The absence of Steve Jobs has yet to hurt the sale of Apple products.

Microsoft is previewing Windows 8 this week. And more at this link.

This story is in several places this morning, so there must be something to it. Apple will probably upgrade the processors in its MacBook Pro portable computers in the next few weeks.

Intel's newest processors are already in Ultrabooks. More photos and examples at this link.

An "Atlas Shrugged" app for the iPad. I think this is the first full "app" for a book?

Intel shows an Android tablet using one of its Atom processors.

A gyroplane instead of a helicopter for police work. It is much less expensive - much less.

Build your own microscope in three minutes.
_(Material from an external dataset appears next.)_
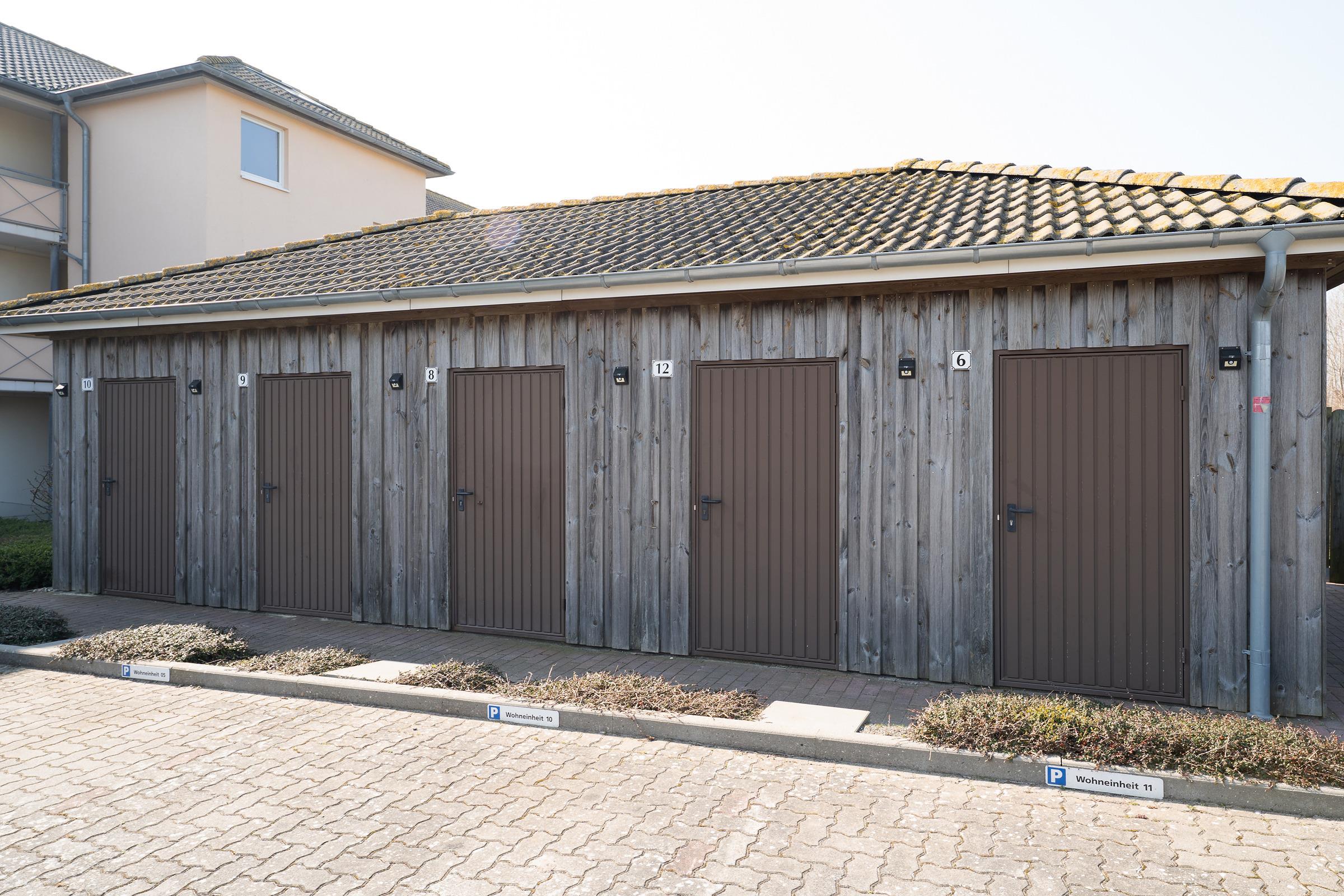 Ein PKW-Außenstellplatz vor dem Haus ist für Sie reserviert. Eine Waschmaschine zur gemeinschaftlichen Nutzung befindet sich im Keller. Für Fahrräder oder für Ihre Surfausrüstung können Sie einen abschließbaren Schuppen nutzen.

This is great for science classes and for raising scientists.

In the same vein, an open source $80 chemical analyzer.

An interesting look at household income over the last 40 years. When you adjust for inflation, the income of most Americans is about the same. It has fallen a little in the last five years.

There is a radio "quiet zone" in West Virginia (13,000 square miles). People who claim allergies to WiFi are moving there in droves.

Someone may have invented an actual lie detector. This works with simple cameras and not-so-simple processing algorithms. It looks at blood flow in the face and other little indicators. The traditional "lie detector" or polygraph has always been a piece of junk science that is little more than a phoney prop for interogators.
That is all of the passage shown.